- _THE DATA_

——————————

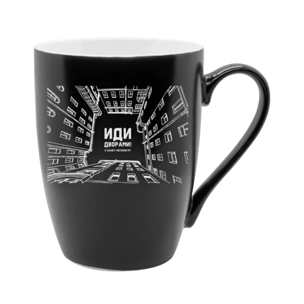 Кружка фарфор матовая СПб Иди дворами черная
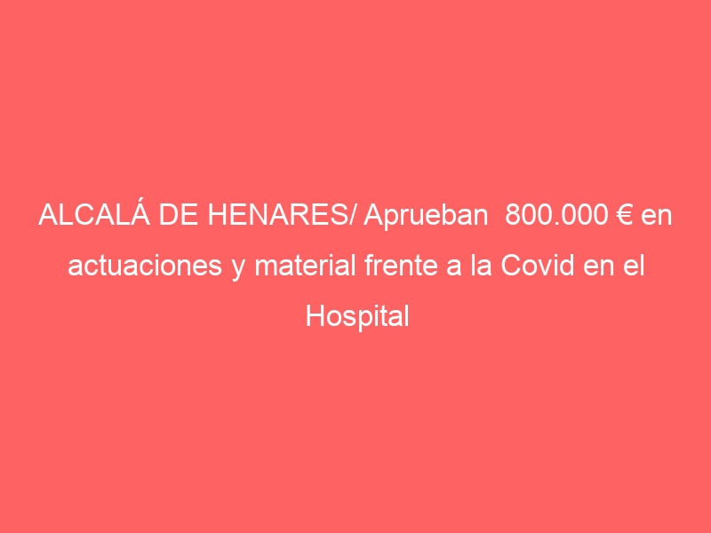 ALCALÁ DE HENARES/ Aprueban 800.000 € en actuaciones y material frente a la Covid en el Hospital
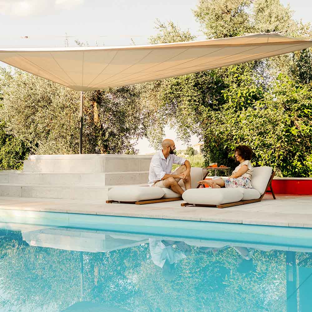 Het is de Italiaanse kleermakerstraditie toegepast op outdoor, voor meubelen die hun mooie uitstraling behouden, seizoen na seizoen.
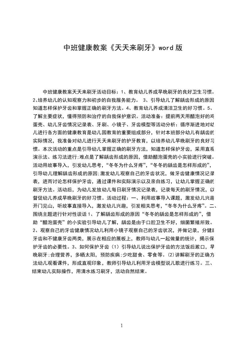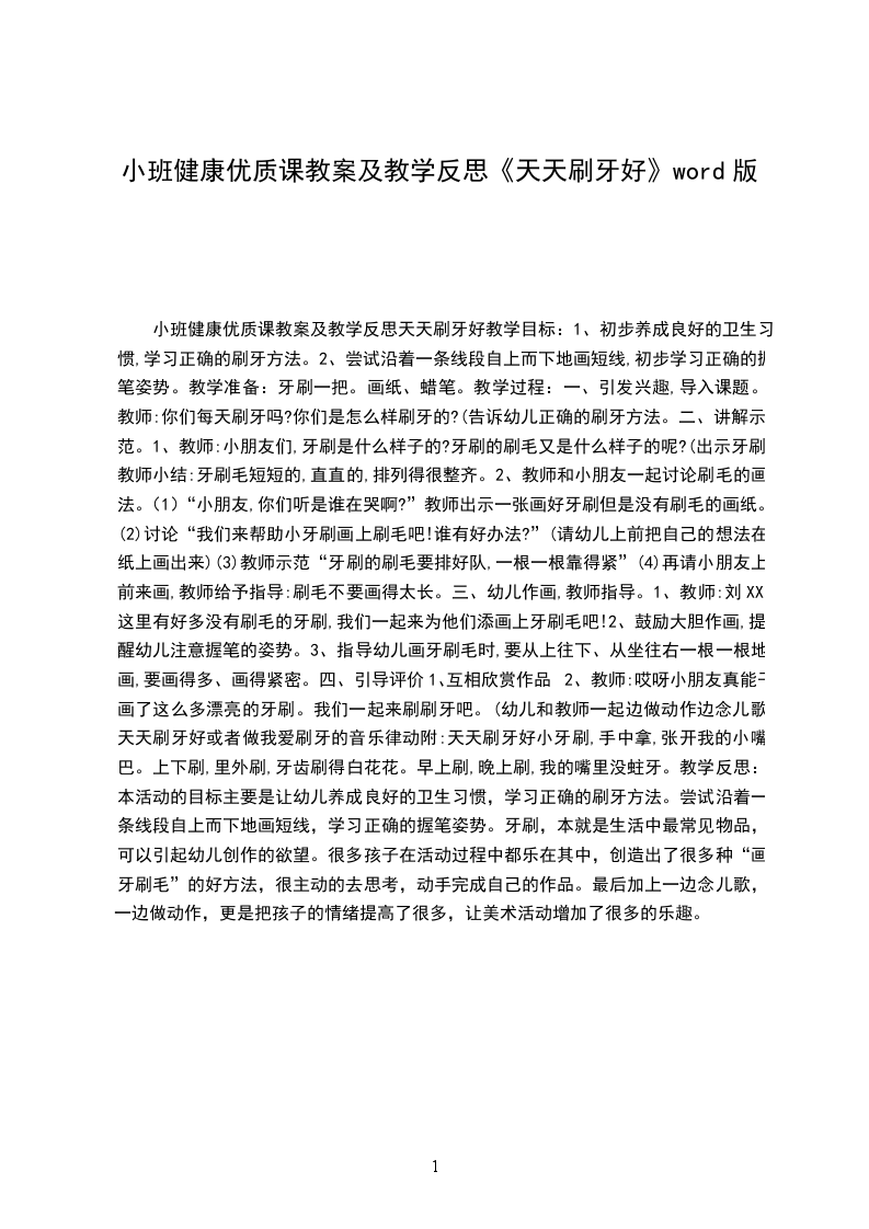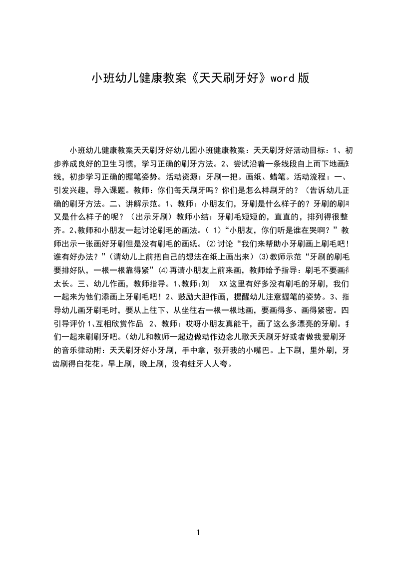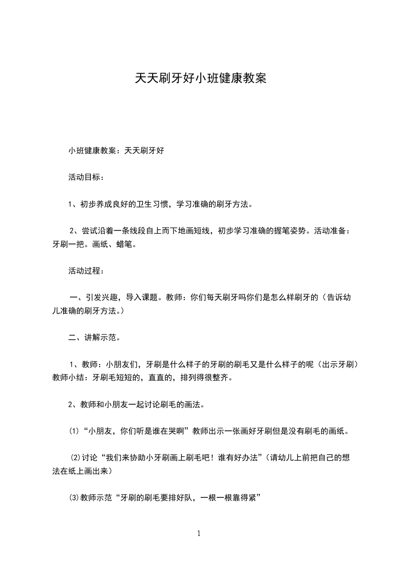 2、教师:哎呀小朋友真能干,画了这么多漂亮的牙刷。我们一起来刷刷牙吧。(幼儿和教师一起边做动作边念儿歌天天刷牙好或者做我爱刷牙的音乐律动附:天天刷牙好小牙刷,手中拿,张开我的小嘴巴。上下刷,里外刷,牙齿刷得白花花。早上刷,晚上刷,没有蛀牙人人夸

——————————

Output nothing but an exact retyping of the material, pictures excluded.

 Кружка фарфор матовая СПб Иди дворами черная
 ALCALÁ DE HENARES/ Aprueban 800.000 € en actuaciones y material frente a la Covid en el Hospital
 Het is de Italiaanse kleermakerstraditie toegepast op outdoor, voor meubelen die hun mooie uitstraling behouden, seizoen na seizoen.
 2、教师:哎呀小朋友真能干,画了这么多漂亮的牙刷。我们一起来刷刷牙吧。(幼儿和教师一起边做动作边念儿歌天天刷牙好或者做我爱刷牙的音乐律动附:天天刷牙好小牙刷,手中拿,张开我的小嘴巴。上下刷,里外刷,牙齿刷得白花花。早上刷,晚上刷,没有蛀牙人人夸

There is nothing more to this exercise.